▸ **Exercise details**
Please restate word for word each line from the one containing "BST-504? 產品類別: 拆機工具系列" to the last line of the records below, and drop the pictures.

▸ **Records from a collection**
┄┄┄┄┄┄┄┄┄┄

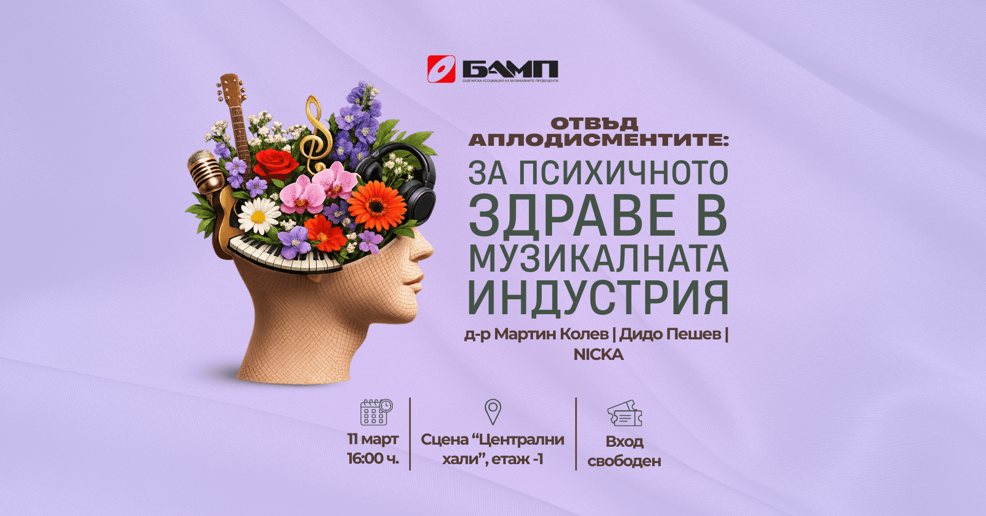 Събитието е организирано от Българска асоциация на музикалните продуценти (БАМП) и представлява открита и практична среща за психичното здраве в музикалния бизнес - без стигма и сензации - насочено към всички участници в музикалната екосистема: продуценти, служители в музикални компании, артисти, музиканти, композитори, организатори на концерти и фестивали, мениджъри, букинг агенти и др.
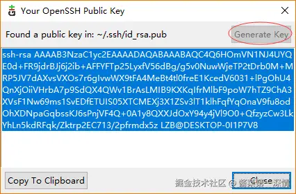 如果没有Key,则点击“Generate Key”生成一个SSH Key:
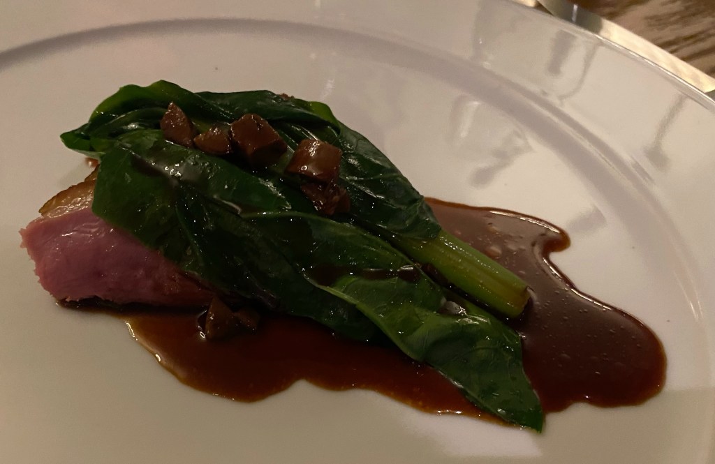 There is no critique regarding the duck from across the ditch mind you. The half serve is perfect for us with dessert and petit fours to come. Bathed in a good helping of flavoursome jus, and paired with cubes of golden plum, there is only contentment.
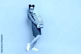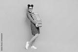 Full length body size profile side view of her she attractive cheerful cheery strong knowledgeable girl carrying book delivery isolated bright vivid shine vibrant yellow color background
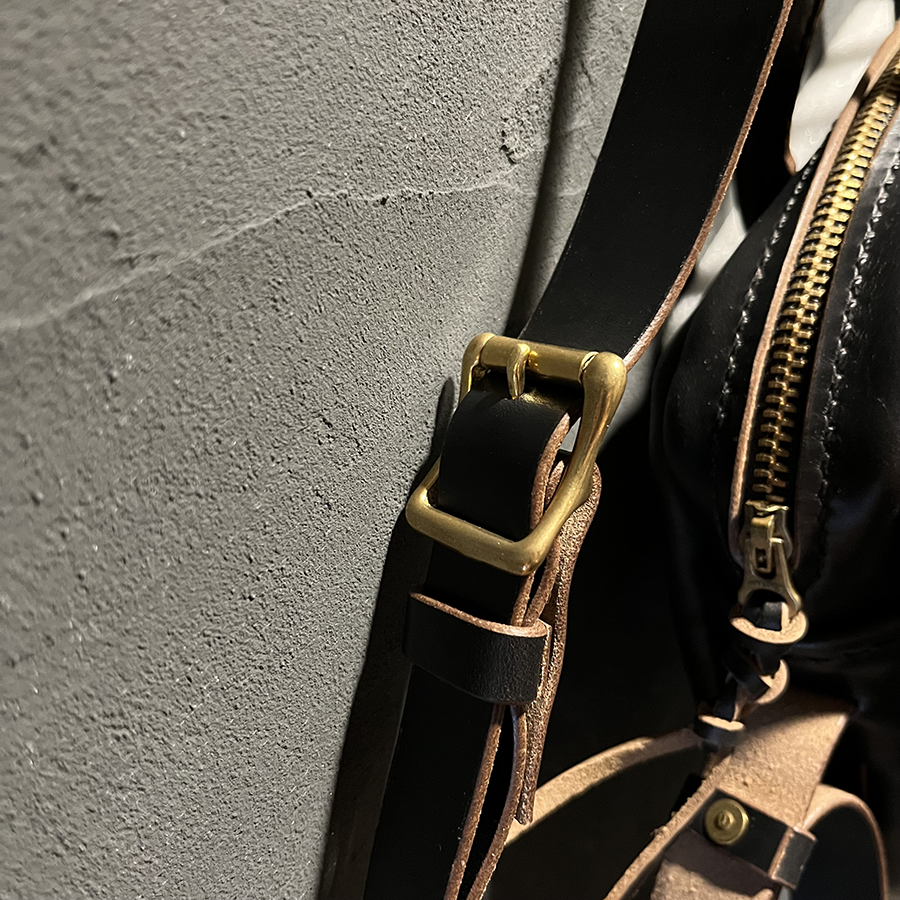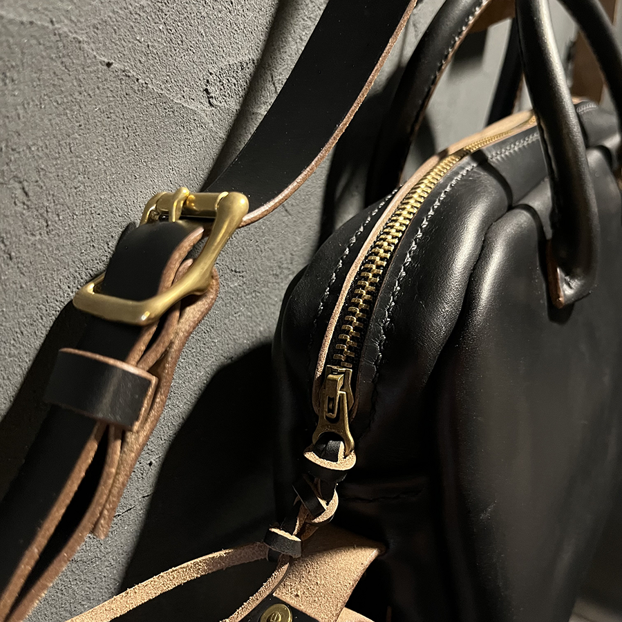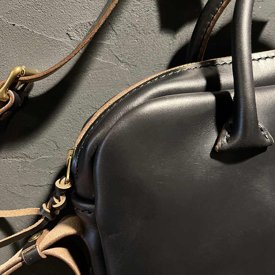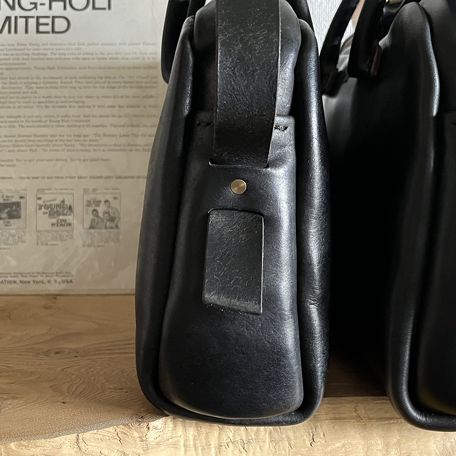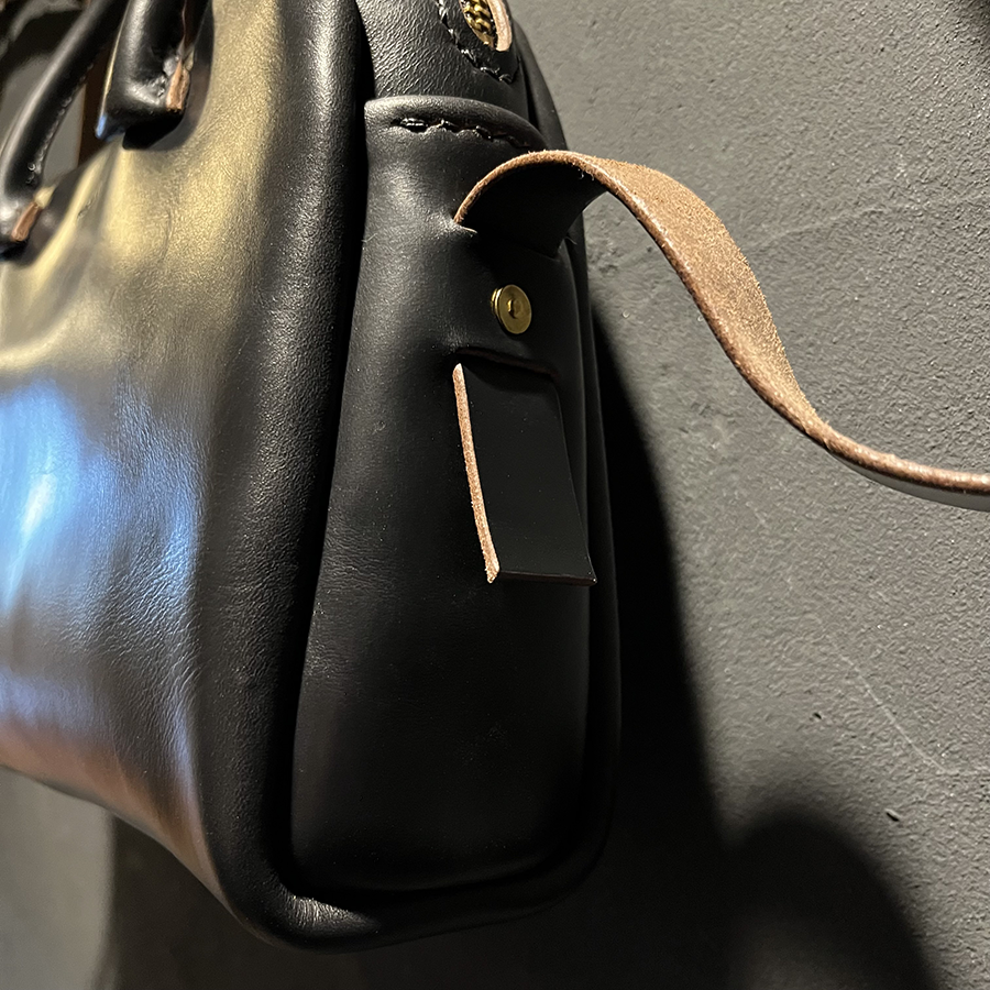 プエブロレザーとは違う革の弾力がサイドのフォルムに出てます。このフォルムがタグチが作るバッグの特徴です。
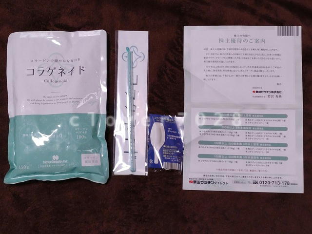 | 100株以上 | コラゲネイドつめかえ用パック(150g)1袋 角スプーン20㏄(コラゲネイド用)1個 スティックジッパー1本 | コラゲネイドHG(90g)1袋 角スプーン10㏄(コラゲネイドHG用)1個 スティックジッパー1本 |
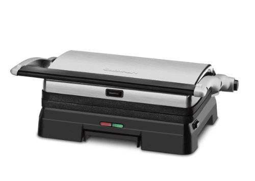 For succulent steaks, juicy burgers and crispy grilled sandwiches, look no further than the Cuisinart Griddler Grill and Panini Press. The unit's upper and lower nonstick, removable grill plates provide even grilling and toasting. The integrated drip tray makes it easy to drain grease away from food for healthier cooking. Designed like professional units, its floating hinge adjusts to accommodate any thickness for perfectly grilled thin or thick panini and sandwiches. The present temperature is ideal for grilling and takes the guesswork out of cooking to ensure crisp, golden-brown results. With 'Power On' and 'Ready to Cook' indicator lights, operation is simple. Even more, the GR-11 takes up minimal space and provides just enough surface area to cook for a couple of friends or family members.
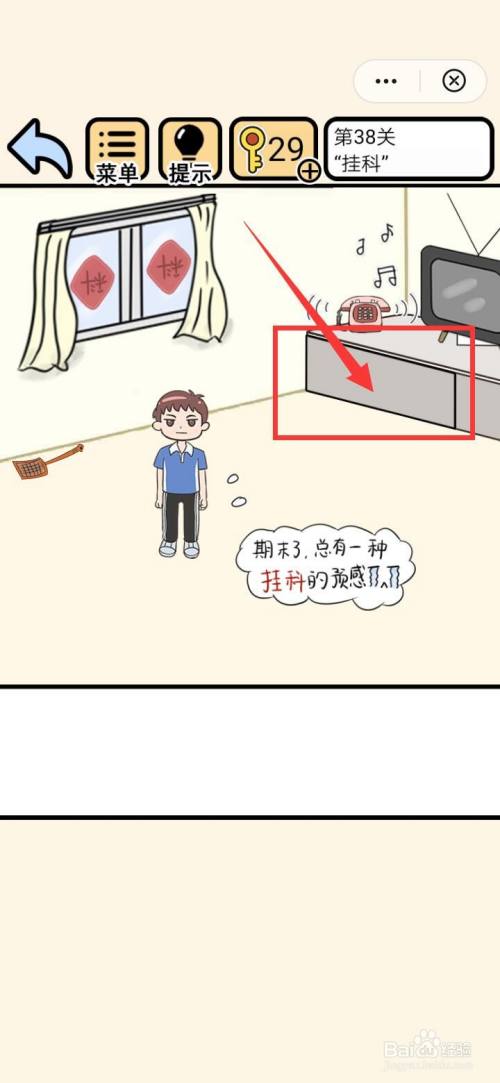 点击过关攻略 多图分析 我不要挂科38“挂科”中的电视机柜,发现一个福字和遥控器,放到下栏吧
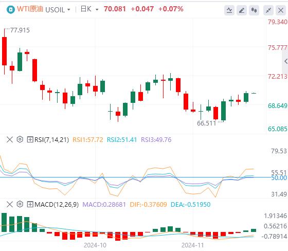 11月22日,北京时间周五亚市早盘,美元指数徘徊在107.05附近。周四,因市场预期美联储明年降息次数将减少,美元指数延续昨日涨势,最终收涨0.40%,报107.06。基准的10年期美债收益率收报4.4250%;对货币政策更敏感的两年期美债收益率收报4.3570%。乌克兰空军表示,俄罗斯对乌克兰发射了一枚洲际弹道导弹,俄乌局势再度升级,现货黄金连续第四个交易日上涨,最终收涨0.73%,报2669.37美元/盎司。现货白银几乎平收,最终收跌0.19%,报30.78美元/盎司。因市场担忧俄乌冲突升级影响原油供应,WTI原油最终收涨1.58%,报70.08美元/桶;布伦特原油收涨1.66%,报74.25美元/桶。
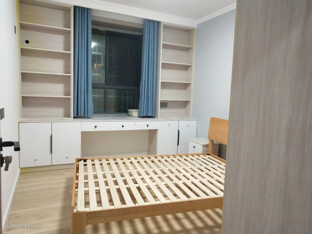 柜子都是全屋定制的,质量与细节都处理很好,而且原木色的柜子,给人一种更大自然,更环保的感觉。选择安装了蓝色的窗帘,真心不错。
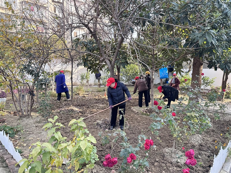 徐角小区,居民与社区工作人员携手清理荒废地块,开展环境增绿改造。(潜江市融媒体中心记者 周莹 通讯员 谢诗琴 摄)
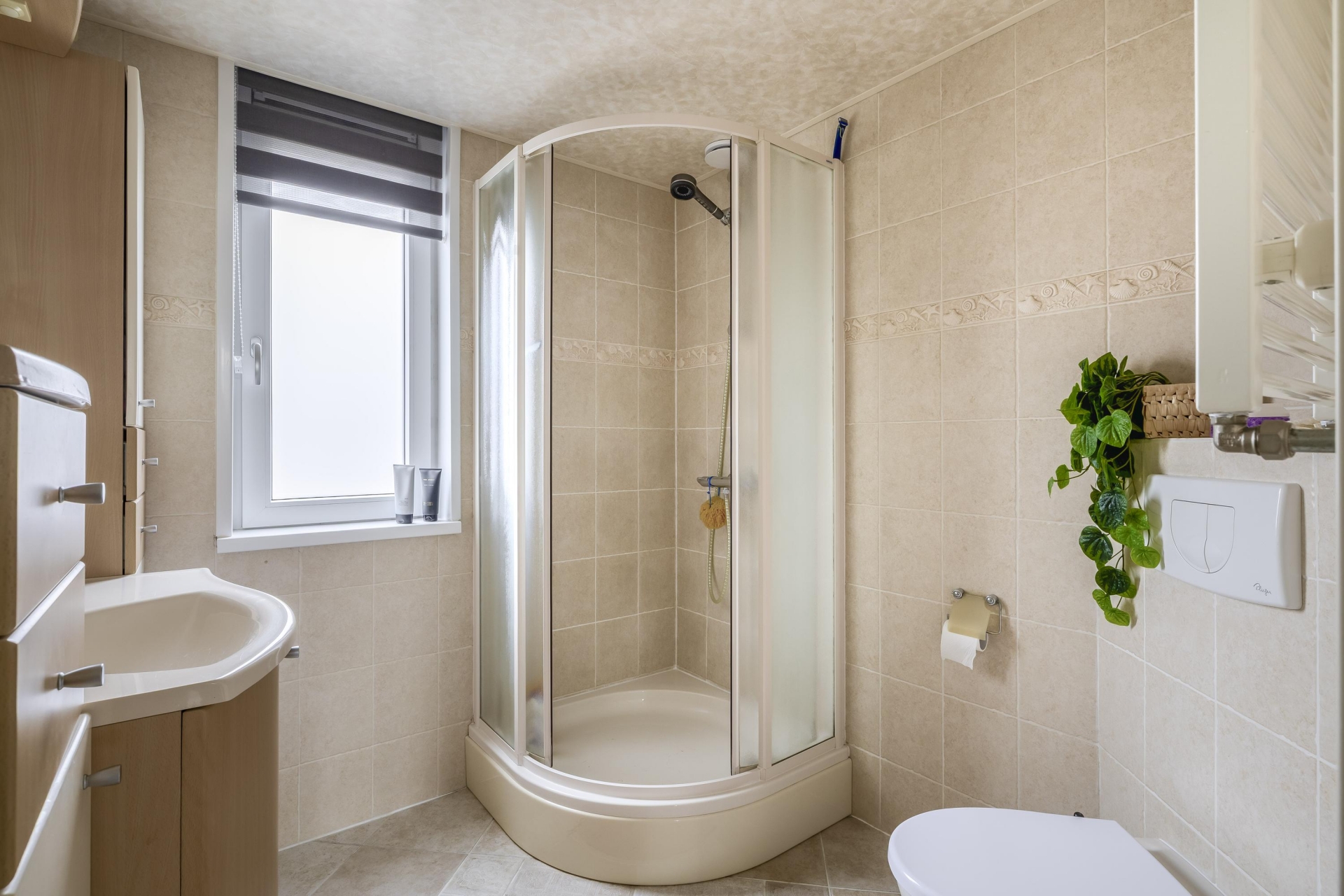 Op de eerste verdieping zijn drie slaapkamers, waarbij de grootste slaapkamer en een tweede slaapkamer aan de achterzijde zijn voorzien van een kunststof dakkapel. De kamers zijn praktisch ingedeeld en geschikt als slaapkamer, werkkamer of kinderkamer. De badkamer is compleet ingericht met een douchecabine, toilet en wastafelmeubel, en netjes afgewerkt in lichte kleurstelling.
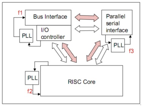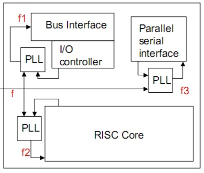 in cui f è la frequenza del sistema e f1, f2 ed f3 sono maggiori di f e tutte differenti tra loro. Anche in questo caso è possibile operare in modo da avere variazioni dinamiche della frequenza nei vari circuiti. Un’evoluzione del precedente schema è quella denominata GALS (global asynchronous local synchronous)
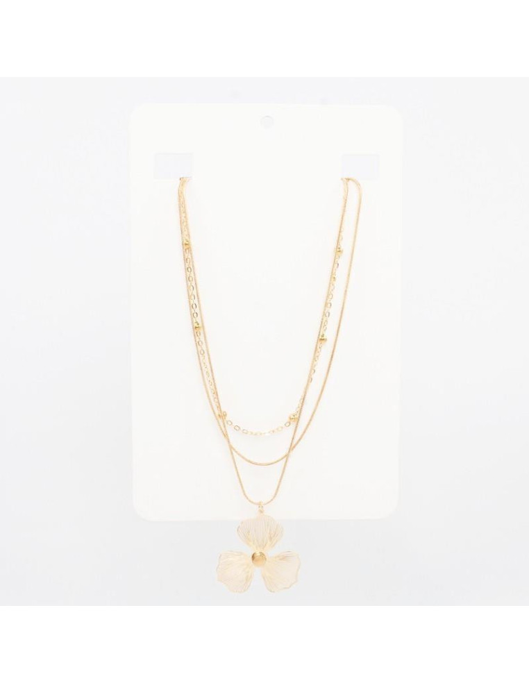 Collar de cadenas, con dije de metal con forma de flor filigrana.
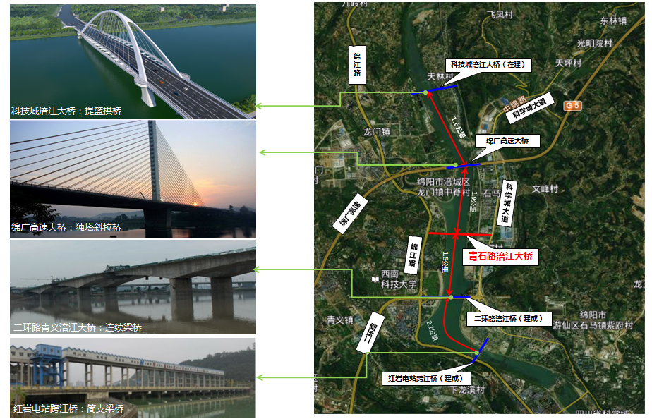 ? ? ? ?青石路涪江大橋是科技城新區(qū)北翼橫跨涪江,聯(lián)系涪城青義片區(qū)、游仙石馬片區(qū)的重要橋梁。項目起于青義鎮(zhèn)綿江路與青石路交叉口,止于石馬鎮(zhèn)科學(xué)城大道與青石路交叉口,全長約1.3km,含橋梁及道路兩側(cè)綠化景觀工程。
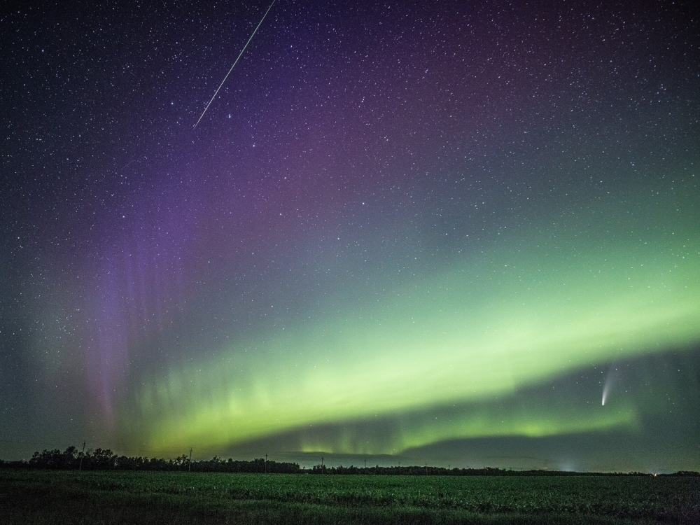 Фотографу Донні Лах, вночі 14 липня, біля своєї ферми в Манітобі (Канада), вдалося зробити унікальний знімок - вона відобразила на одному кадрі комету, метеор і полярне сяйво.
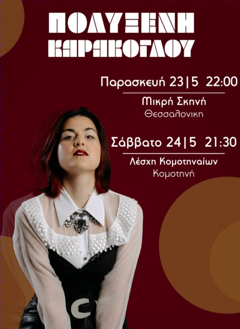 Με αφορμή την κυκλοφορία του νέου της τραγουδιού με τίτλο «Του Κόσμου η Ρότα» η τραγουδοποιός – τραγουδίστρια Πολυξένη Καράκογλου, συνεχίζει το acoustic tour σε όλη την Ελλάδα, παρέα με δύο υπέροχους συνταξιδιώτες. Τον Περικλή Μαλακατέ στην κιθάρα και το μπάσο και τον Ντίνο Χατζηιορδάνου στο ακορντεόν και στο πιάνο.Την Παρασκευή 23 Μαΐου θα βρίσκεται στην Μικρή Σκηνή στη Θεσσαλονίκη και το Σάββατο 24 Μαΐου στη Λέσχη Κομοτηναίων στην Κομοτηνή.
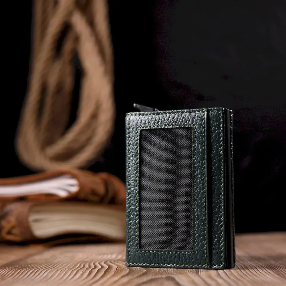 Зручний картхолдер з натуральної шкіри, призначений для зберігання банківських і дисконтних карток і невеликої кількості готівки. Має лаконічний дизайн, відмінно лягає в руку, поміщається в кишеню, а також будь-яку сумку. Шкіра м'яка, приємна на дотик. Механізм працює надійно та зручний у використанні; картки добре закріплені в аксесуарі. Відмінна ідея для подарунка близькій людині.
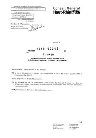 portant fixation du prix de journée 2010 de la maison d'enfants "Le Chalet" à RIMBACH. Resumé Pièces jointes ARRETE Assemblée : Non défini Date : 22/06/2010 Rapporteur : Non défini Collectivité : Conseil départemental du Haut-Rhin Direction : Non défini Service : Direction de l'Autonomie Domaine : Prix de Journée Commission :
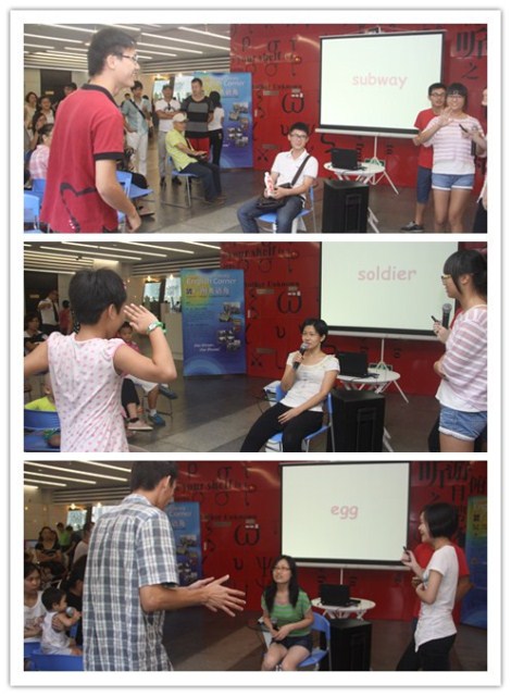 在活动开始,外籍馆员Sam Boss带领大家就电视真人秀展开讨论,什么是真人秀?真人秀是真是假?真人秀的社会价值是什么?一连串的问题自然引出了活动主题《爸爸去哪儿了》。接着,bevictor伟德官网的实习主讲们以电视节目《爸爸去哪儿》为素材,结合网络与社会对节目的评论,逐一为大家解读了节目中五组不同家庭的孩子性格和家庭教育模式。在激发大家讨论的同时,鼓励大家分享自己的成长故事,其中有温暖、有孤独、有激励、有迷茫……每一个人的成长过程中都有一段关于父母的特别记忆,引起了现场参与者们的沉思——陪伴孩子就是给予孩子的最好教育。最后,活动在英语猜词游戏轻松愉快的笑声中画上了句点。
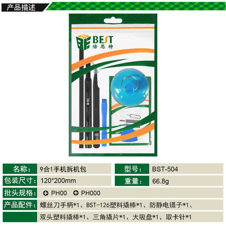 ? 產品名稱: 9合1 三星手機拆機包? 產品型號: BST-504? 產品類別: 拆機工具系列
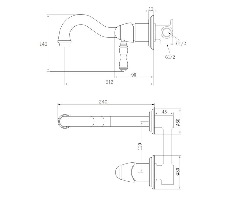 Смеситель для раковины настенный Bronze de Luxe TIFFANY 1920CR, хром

┄┄┄┄┄┄┄┄┄┄

▸ **Solution for this task**
 ? 產品名稱: 9合1 三星手機拆機包? 產品型號: BST-504? 產品類別: 拆機工具系列
 Смеситель для раковины настенный Bronze de Luxe TIFFANY 1920CR, хром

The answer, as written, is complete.